How is the data in the cluster distributed? The metadata is recorded in the configuration server, which is also a highly available replica set. Each shard manages a portion of the overall data in the cluster and is also a high-availability replica set. In addition, multiple routing nodes are deployed in the production environment. By doing so, the entire sharded cluster has no single point of failure.
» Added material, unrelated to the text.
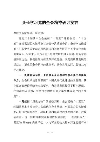 / 【七哥公文】2025年:县长学习党的全会精神研讨发言+更多免费公文+VX:QiGeGongWen2024
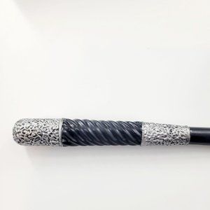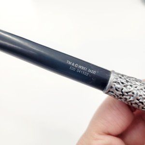 This Wizarding World (Warner Bros.; Harry Potter) piece is from the Fantastic Beasts movie series. This is a Fantastic Beasts Mystery Wand: Magical Creatures Series, Leta Lestrange wand (silver and black with swirled bottom shaft). The set also comes with a wand stand, the box, and a Chupacabra magical creature icon.

MongoDB Basic Concepts and Its Mappings with Relational Database Management System

As shown in the figure above, RDBMS includes database and tables, which corresponds to database and collection in MongoDB. Data database has parent-child tables, corresponding to the nested sub-document or array of MongoDB. The index is the common part of both. Besides, a piece of data in the RDBMS is called a row, while in MongoDB is called a document, and the column in the former is called the field in the latter. The join used in the RDBMS is often solved by the embedded method in MongoDB. If the linking is used, the $Lookup can also be applied to support left join. Moreover, the view in the system is related to the read-only view and on-demand materialized view, and the multi-record ACID transaction is mapping with the multi-document ACID transaction in MongoDB.

Data Hierarchy of MongoDB

MongoDB data is mainly divided into three layers. They are documents, collections, and databases. Multiple documents are stored in one collection, multiple collections are stored in one database. Each cluster may have multiple databases as well.

Example:

Database: Products
Collections: Books, Movies, Music

The combination of databases and collections forms the MongoDB namespace:

Products.Books
Products.Movies
Products.Music
The database name cannot exceed 64 bytes in length, and the namespace cannot exceed 120 bytes
Feature compatibility version (FCV) should be equal to or higher than 4.4, and the namespace length is limited to 255 bytes

Data Structure of MongoDB

MongoDB uses the JSON document structure:

The full name of JSON: JavaScript Object Notation.
JSON supports the following data format:
string: Such as “Thomas”
number: Such as 29, 3.7)
boolean: True or false
null value: Null
array: Such as [88.5, 91.3, 67.1]
object: Object

{
"firstName": "Thomas",
 "lastName": "Smith",
 "age": 29
}

Data Storage in BSON Format

MongoDB data types

The preceding figure shows a list of MongoDB data types, and almost all of the common types are supported by MongoDB.

Cluster Deployment

Install the First MongoDB System

First command: Download

curl -O https://fastdl.mongodb.org/linux/mongodb-linux-x86_64-rhel70-4. 4.2.tgz

Second command: Extract

tar xzvf mongodb-linux-x86_64-rhel70-4.4.2.tgz

Third command: Change the directory name

mv mongodb-linux-x86_64-rhel70-4.4.2 mongodb

Fourth Command: Nothing!

Run the MongoDB

/bin/mongod --dbpath /data/db

[Code comment]

[/bin/mongod]: The bin directory of MongoDB installation
[data/db]: Location of MongoDB data file

Access the MongoDB

$ ./bin/mongo MongoDB
// Bin directory installed
MongoDB shell version: 4.4.2 
... 
Server has startup warnings: 
2020-12-15T04:23:25.268+0000 I CONTROL[initandlisten] 
2020-12-15T04:23:25.268+0000 I CONTROL [initandlisten] ** WARNIN
G: Access control is not enabled for the database.
 ...

Create replica sets

1. Create a data directory:

mkdir rs1 rs2 rs3

2. Start three MongoDB services

mongod --replSet rs --dbpath ./rs1 --port 27017 --fork --logpath ./rs 1/mongod.log 
mongod --replSet rs --dbpath ./rs2 --port 27018 --fork --logpath ./rs 2/mongod.log 
mongod --replSet rs --dbpath ./rs3 --port 27019 --fork --logpath ./rs 3/mongod.log

3. Connect to the MongoDB service:

mongo //connect to the default port 27017

4. Specify replica set configuration

rs.initiate() // Initial replication set 
rs.add ('<HOSTNAME>:27018') // Add a node configuration 
rs.add('<HOSTNAME>:27019') // Add a node configuration 
rs.status()

Create sharded cluster instances

There are five steps:

Create configuration server
Create one or more shards, each shard is a replica set
Start one or more Mongos
Access Mongos and add shards to a cluster
Select the shard key and enable shards

The entire sharded cluster has now been deployed.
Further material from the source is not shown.